*** Opening of Dataset entries ***
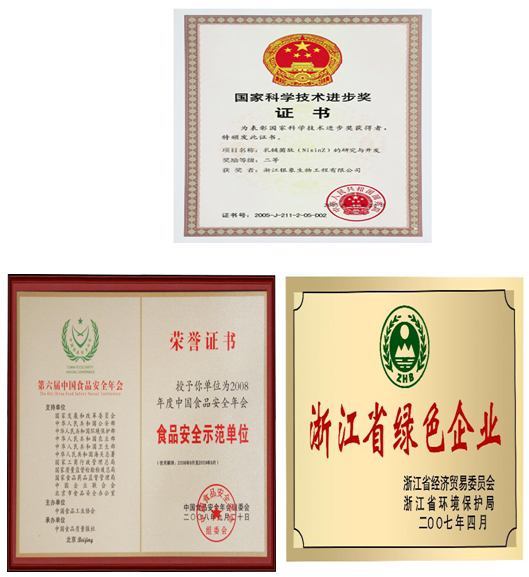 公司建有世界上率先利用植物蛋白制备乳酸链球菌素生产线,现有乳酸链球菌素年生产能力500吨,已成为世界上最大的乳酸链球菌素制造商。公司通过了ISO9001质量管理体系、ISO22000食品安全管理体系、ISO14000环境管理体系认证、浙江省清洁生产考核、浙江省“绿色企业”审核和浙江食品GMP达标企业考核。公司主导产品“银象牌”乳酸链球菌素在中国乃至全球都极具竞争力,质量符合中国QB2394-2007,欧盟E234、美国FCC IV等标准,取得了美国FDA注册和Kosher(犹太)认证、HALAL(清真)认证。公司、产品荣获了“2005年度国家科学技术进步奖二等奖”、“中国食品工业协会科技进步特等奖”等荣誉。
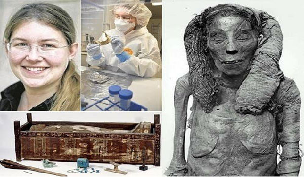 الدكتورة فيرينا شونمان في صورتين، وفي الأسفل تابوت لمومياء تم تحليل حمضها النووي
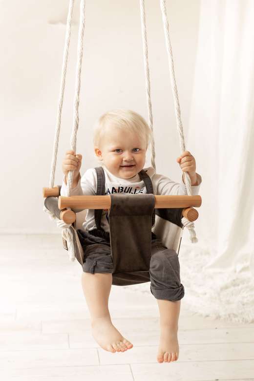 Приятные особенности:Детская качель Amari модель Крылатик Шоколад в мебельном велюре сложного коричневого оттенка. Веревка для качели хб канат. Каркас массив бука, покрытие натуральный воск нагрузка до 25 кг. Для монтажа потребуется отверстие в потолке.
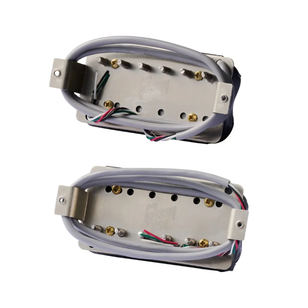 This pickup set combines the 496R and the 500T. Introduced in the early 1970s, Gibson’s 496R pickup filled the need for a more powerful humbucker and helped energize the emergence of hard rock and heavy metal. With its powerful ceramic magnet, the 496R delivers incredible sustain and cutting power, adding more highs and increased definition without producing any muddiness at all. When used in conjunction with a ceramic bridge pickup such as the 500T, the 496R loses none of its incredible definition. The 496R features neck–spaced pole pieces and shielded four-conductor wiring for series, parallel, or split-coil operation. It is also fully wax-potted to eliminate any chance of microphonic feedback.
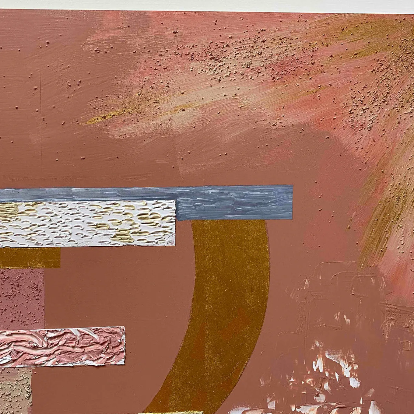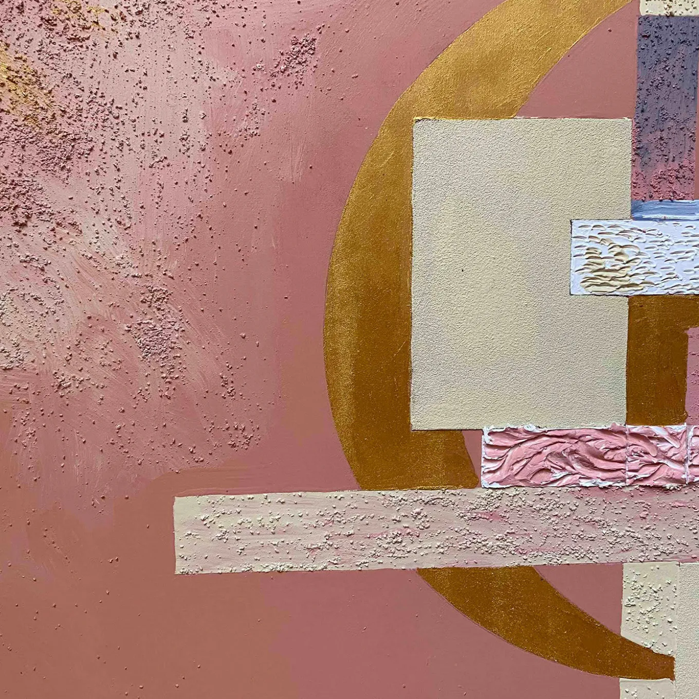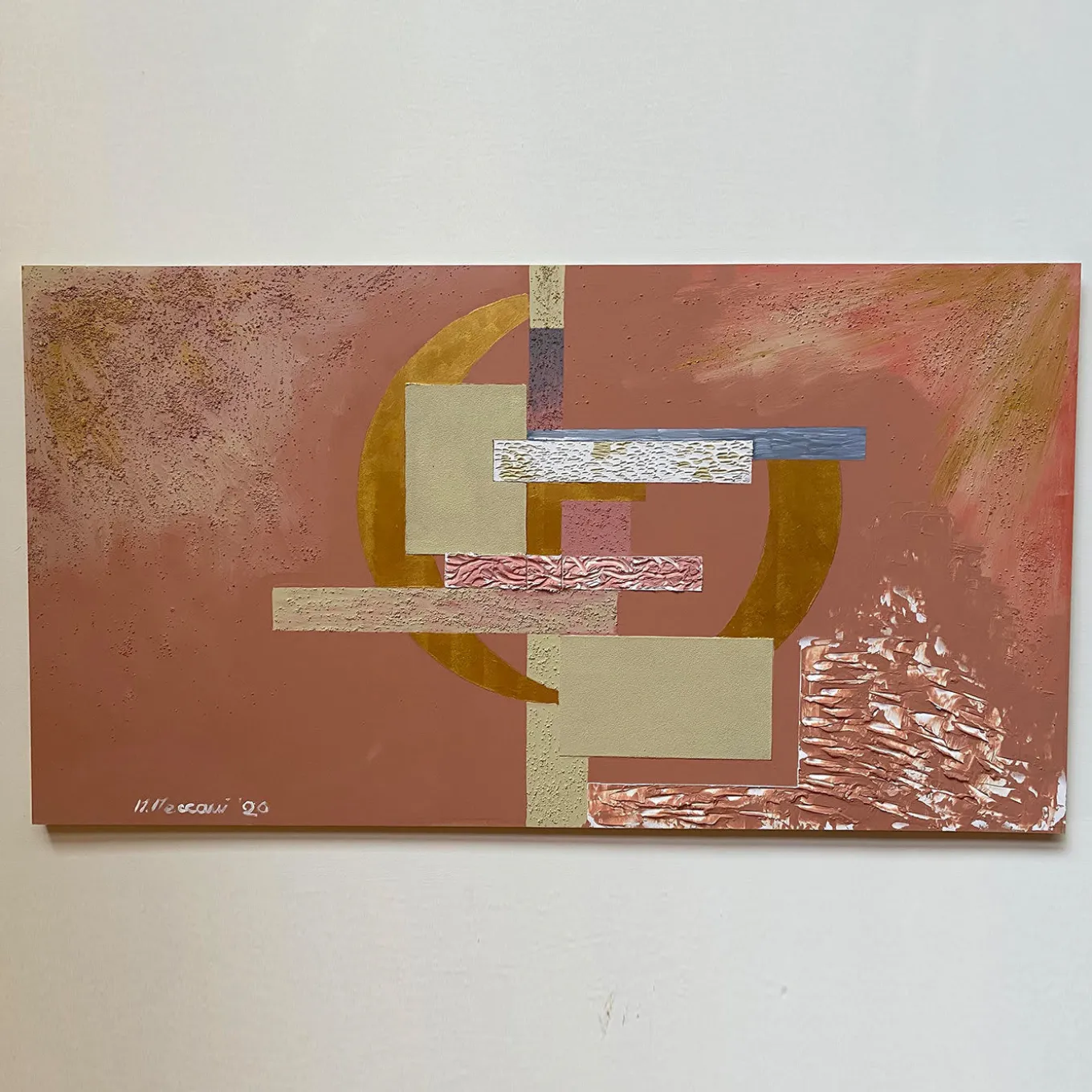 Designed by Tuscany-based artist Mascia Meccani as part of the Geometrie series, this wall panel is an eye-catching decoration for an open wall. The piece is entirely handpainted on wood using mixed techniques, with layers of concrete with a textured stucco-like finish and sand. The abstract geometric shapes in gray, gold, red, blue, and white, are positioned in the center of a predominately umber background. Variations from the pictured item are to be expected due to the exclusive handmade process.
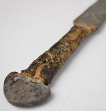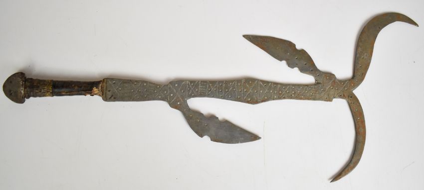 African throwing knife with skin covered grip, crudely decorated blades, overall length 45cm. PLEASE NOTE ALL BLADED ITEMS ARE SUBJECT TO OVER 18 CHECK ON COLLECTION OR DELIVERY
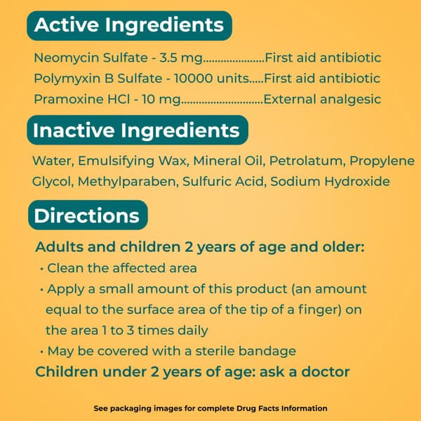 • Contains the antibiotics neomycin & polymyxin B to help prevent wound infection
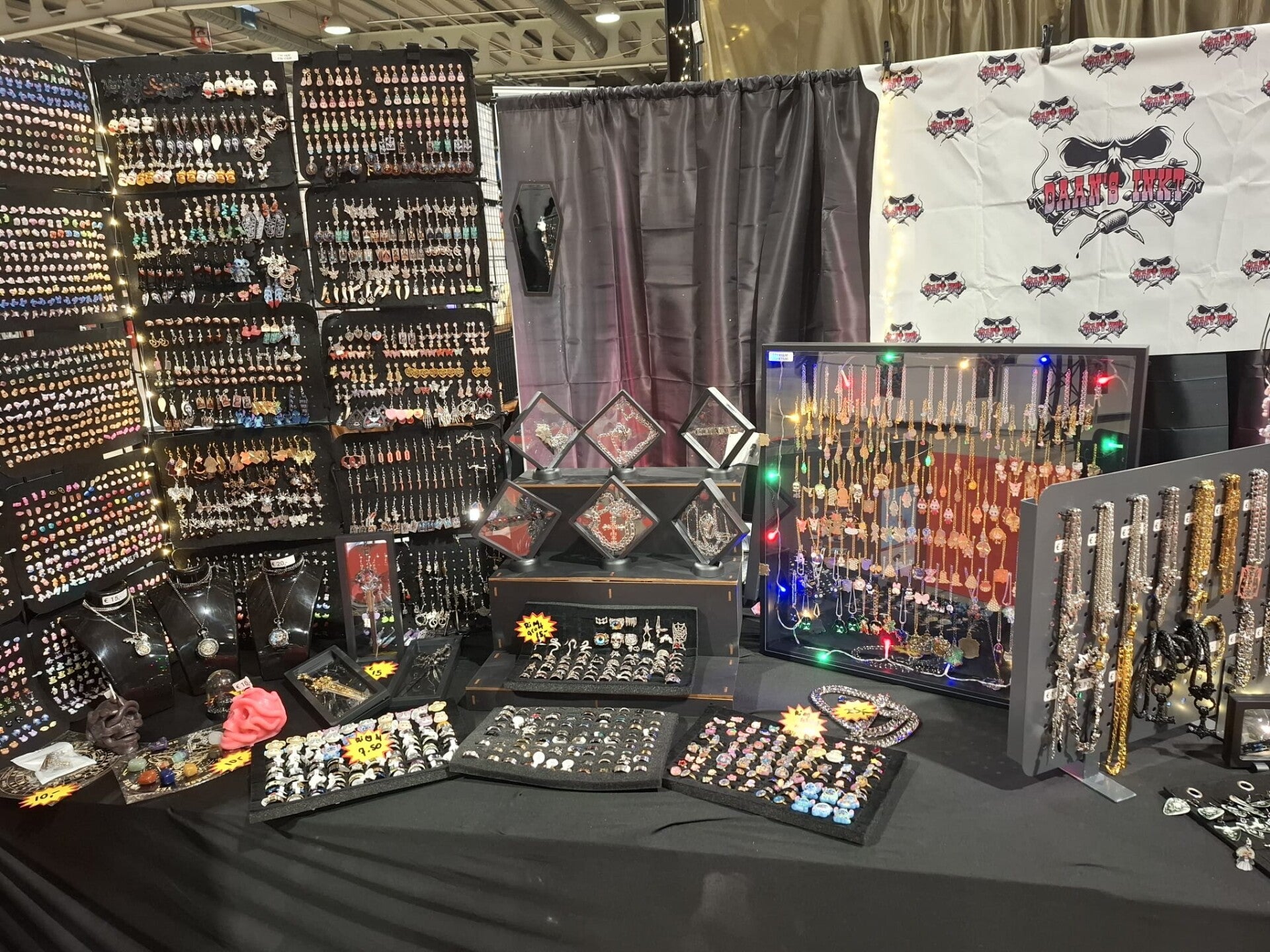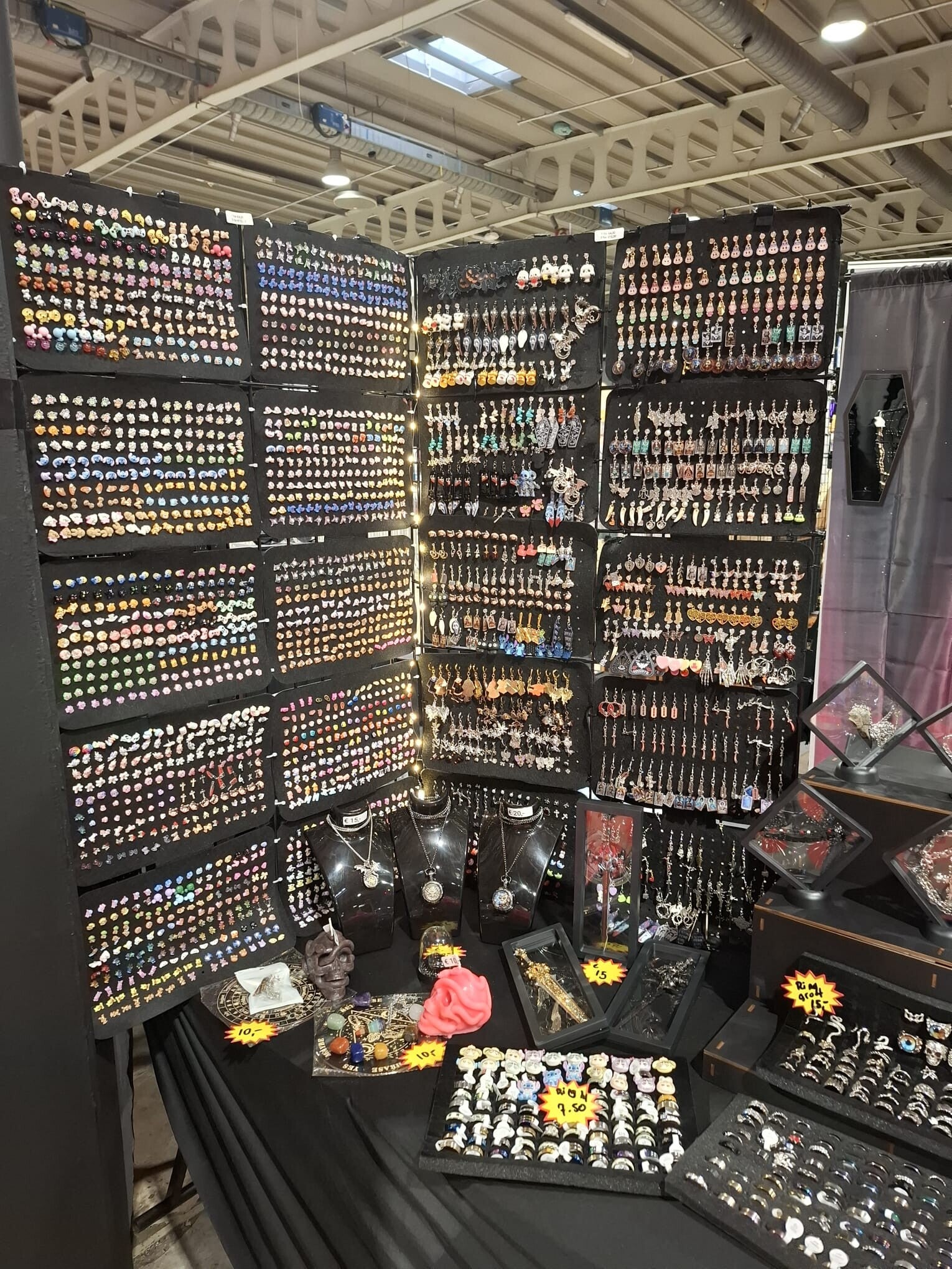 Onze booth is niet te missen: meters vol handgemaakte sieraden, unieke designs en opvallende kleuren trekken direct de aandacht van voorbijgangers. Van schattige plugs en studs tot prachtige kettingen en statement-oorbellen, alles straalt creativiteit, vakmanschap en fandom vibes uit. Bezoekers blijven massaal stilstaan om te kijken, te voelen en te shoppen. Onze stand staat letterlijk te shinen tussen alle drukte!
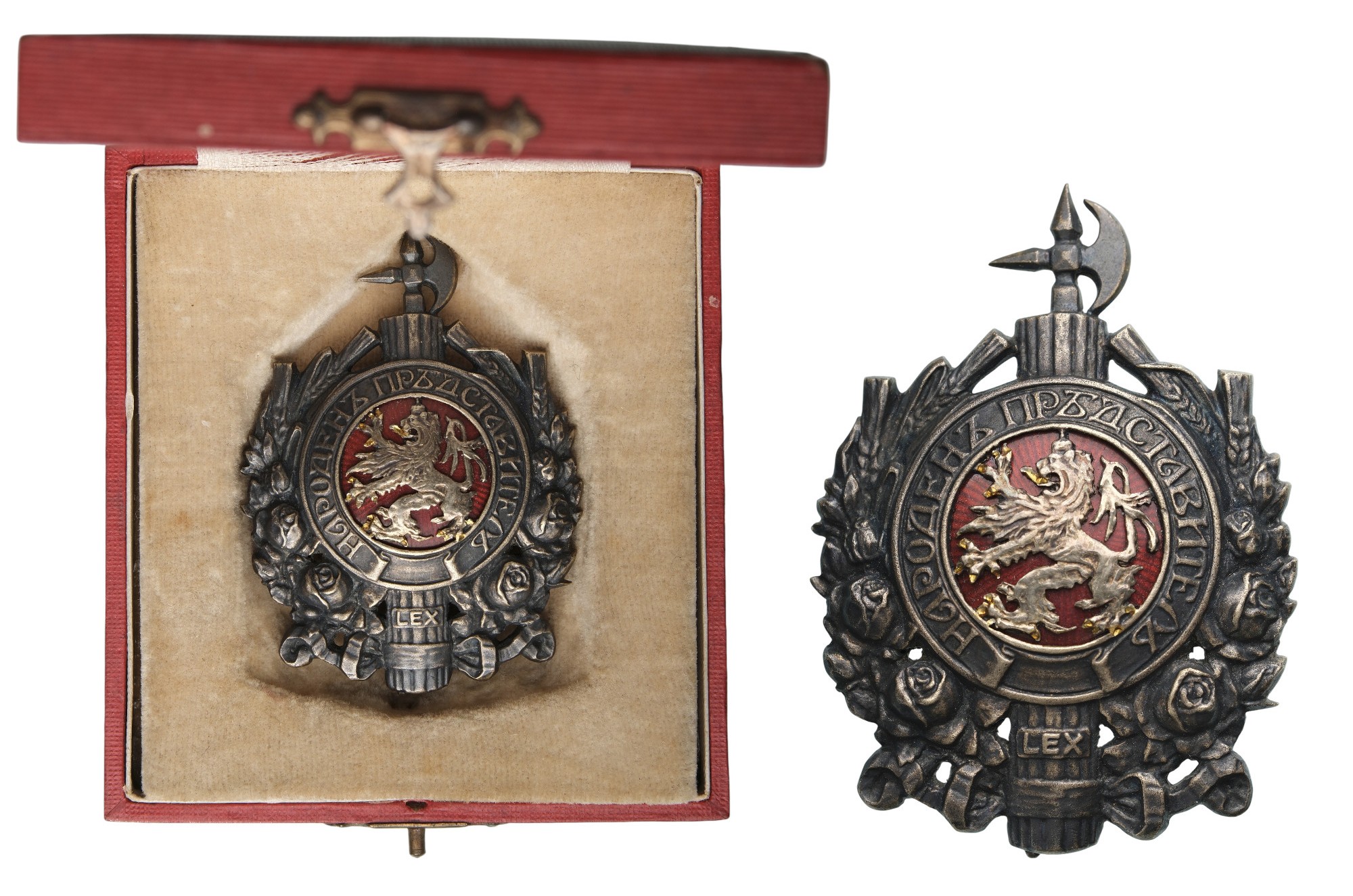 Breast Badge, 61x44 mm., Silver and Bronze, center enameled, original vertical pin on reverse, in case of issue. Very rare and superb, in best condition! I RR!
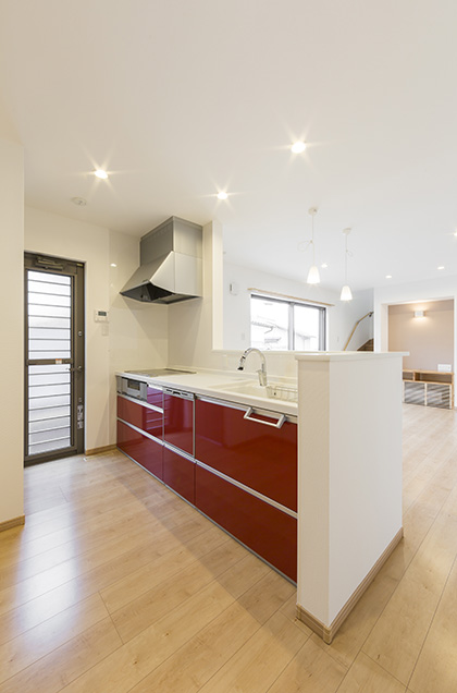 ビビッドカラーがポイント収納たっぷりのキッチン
*** Close of Dataset entries ***
The preceding entries are to be returned verbatim, with every picture excluded.

* _Task response_
 公司建有世界上率先利用植物蛋白制备乳酸链球菌素生产线,现有乳酸链球菌素年生产能力500吨,已成为世界上最大的乳酸链球菌素制造商。公司通过了ISO9001质量管理体系、ISO22000食品安全管理体系、ISO14000环境管理体系认证、浙江省清洁生产考核、浙江省“绿色企业”审核和浙江食品GMP达标企业考核。公司主导产品“银象牌”乳酸链球菌素在中国乃至全球都极具竞争力,质量符合中国QB2394-2007,欧盟E234、美国FCC IV等标准,取得了美国FDA注册和Kosher(犹太)认证、HALAL(清真)认证。公司、产品荣获了“2005年度国家科学技术进步奖二等奖”、“中国食品工业协会科技进步特等奖”等荣誉。
 الدكتورة فيرينا شونمان في صورتين، وفي الأسفل تابوت لمومياء تم تحليل حمضها النووي
 Приятные особенности:Детская качель Amari модель Крылатик Шоколад в мебельном велюре сложного коричневого оттенка. Веревка для качели хб канат. Каркас массив бука, покрытие натуральный воск нагрузка до 25 кг. Для монтажа потребуется отверстие в потолке.
 This pickup set combines the 496R and the 500T. Introduced in the early 1970s, Gibson’s 496R pickup filled the need for a more powerful humbucker and helped energize the emergence of hard rock and heavy metal. With its powerful ceramic magnet, the 496R delivers incredible sustain and cutting power, adding more highs and increased definition without producing any muddiness at all. When used in conjunction with a ceramic bridge pickup such as the 500T, the 496R loses none of its incredible definition. The 496R features neck–spaced pole pieces and shielded four-conductor wiring for series, parallel, or split-coil operation. It is also fully wax-potted to eliminate any chance of microphonic feedback.
 Designed by Tuscany-based artist Mascia Meccani as part of the Geometrie series, this wall panel is an eye-catching decoration for an open wall. The piece is entirely handpainted on wood using mixed techniques, with layers of concrete with a textured stucco-like finish and sand. The abstract geometric shapes in gray, gold, red, blue, and white, are positioned in the center of a predominately umber background. Variations from the pictured item are to be expected due to the exclusive handmade process.
 African throwing knife with skin covered grip, crudely decorated blades, overall length 45cm. PLEASE NOTE ALL BLADED ITEMS ARE SUBJECT TO OVER 18 CHECK ON COLLECTION OR DELIVERY
 • Contains the antibiotics neomycin & polymyxin B to help prevent wound infection
 Onze booth is niet te missen: meters vol handgemaakte sieraden, unieke designs en opvallende kleuren trekken direct de aandacht van voorbijgangers. Van schattige plugs en studs tot prachtige kettingen en statement-oorbellen, alles straalt creativiteit, vakmanschap en fandom vibes uit. Bezoekers blijven massaal stilstaan om te kijken, te voelen en te shoppen. Onze stand staat letterlijk te shinen tussen alle drukte!
 Breast Badge, 61x44 mm., Silver and Bronze, center enameled, original vertical pin on reverse, in case of issue. Very rare and superb, in best condition! I RR!
 ビビッドカラーがポイント収納たっぷりのキッチン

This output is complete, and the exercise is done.